Xu Xu-Ping, Gan Hai-Yan, Li Fen-Xia, Tian Qi, Zhang Jun, Liang Rong-Liang, Li Ming, Yang Xue-Xi, Wu Ying-Song
Institute of Antibody Engineering, School of Biotechnology, Southern Medical University, Guangzhou, China.
Guangzhou Darui Biotechnology Co. LTD, Guangzhou, China.
PLoS One. 2016 Jan 14;11(1):e0146997. doi: 10.1371/journal.pone.0146997. eCollection 2016.
The fraction of circulating cell-free fetal (cff) DNA in maternal plasma is a critical parameter for aneuploidy screening with non-invasive prenatal testing, especially for those samples located in equivocal zones. We developed an approach to quantify cff DNA fractions directly with sequencing data, and increased cff DNAs by optimizing library construction procedure.
Artificial DNA mixture samples (360), with known cff DNA fractions, were used to develop a method to determine cff DNA fraction through calculating the proportion of Y chromosomal unique reads, with sequencing data generated by Ion Proton. To validate our method, we investigated cff DNA fractions of 2,063 pregnant women with fetuses who were diagnosed as high risk of fetal defects. The z-score was calculated to determine aneuploidies for chromosomes 21, 18 and 13. The relationships between z-score and parameters of pregnancies were also analyzed. To improve cff DNA fractions in our samples, two groups were established as follows: in group A, the large-size DNA fragments were removed, and in group B these were retained, during library construction.
A method to determine cff DNA fractions was successfully developed using 360 artificial mixture samples in which cff DNA fractions were known. A strong positive correlation was found between z-score and fetal DNA fraction in the artificial mixture samples of trisomy 21, 18 and 13, as well as in clinical maternal plasma samples. There was a positive correlation between gestational age and the cff DNA fraction in the clinical samples, but no correlation for maternal age. Moreover, increased fetal DNA fractions were found in group A compared to group B.
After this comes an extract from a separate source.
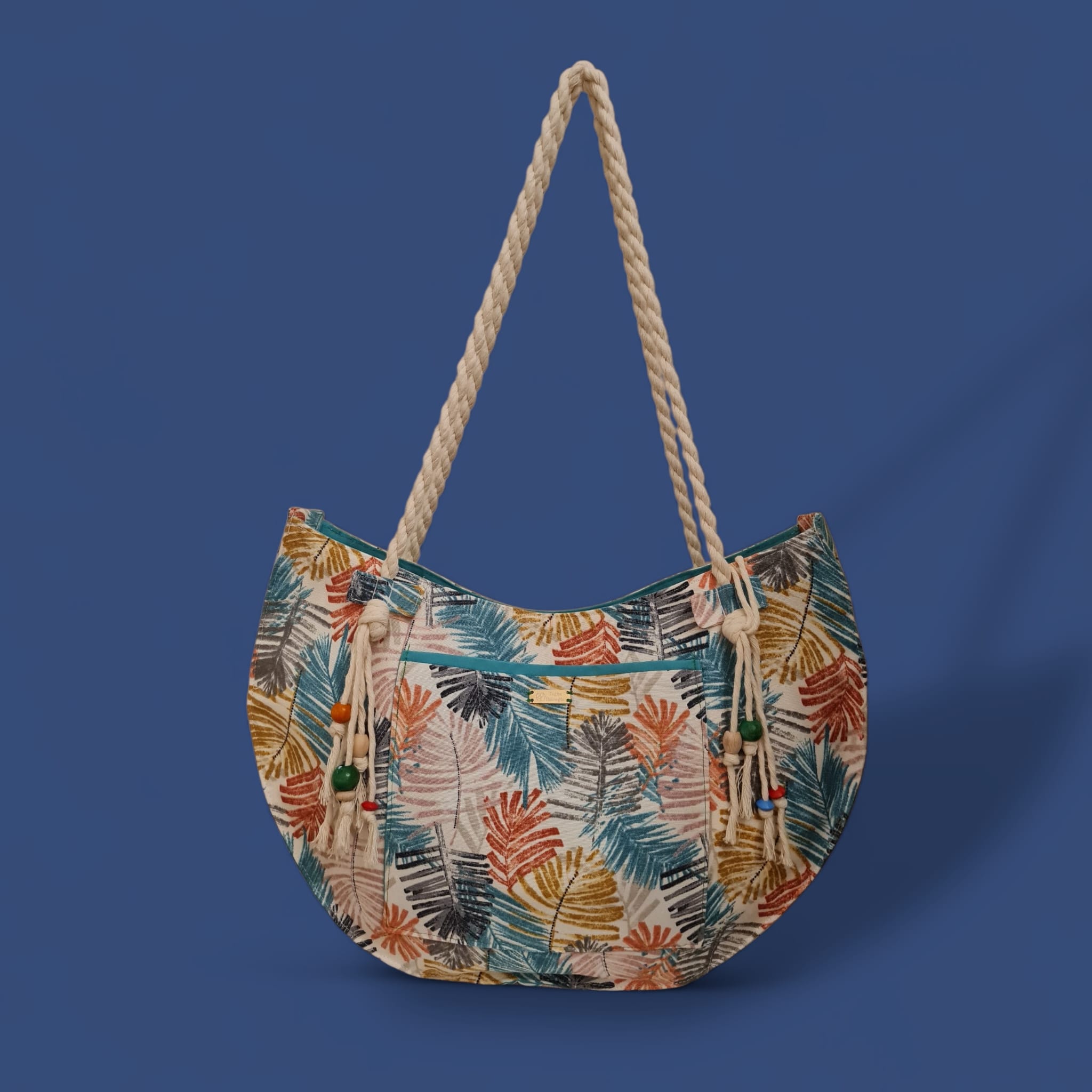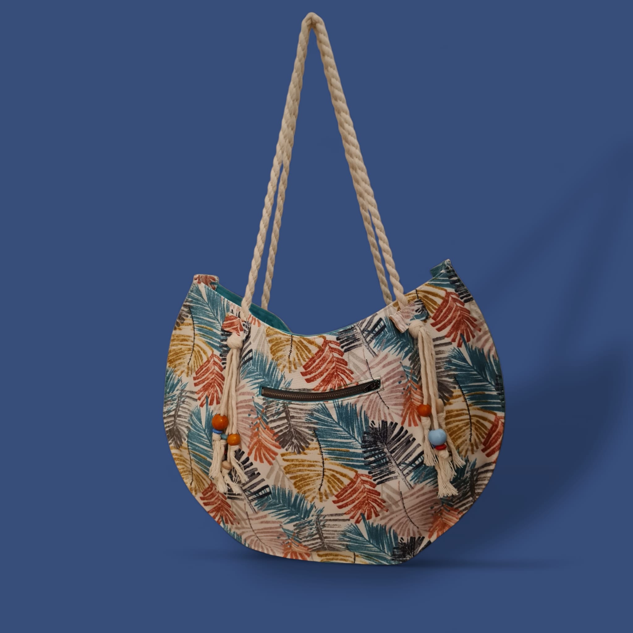 Renkli yaprak desenleriyle bez çantan; canlı, enerjik ve tam bir yaz parçası!

A relatively accurate method was developed to determine the cff DNA fraction in maternal plasma. By optimizing, we can improve cff DNA fractions in sequencing samples, which may contribute to improvements in detection rate and reliability.
母体血浆中循环游离胎儿(cff)DNA的比例是无创产前检测进行非整倍体筛查的关键参数,尤其是对于那些处于临界区域的样本。我们开发了一种直接利用测序数据定量cff DNA比例的方法,并通过优化文库构建程序增加了cff DNA。
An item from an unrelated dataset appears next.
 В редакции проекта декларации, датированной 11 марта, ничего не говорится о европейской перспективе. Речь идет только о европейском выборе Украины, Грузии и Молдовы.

使用360个已知cff DNA比例的人工DNA混合样本,开发一种通过计算Y染色体独特 reads 的比例来确定cff DNA比例的方法,该比例由Ion Proton生成测序数据。为验证我们的方法,我们调查了2063名被诊断为胎儿缺陷高危的孕妇的cff DNA比例。计算z分数以确定21、18和13号染色体的非整倍体情况。还分析了z分数与妊娠参数之间的关系。为提高我们样本中的cff DNA比例,在文库构建过程中设立了两组:A组去除大尺寸DNA片段,B组保留大尺寸DNA片段。
利用360个已知cff DNA比例的人工混合样本成功开发了一种确定cff DNA比例的方法。在21、18和13三体人工混合样本以及临床母体血浆样本中,z分数与胎儿DNA比例之间发现了强正相关。临床样本中,孕周与cff DNA比例呈正相关,但与产妇年龄无相关性。此外,与B组相比,A组胎儿DNA比例增加。
开发了一种相对准确的方法来确定母体血浆中的cff DNA比例。通过优化,我们可以提高测序样本中的cff DNA比例,这可能有助于提高检测率和可靠性。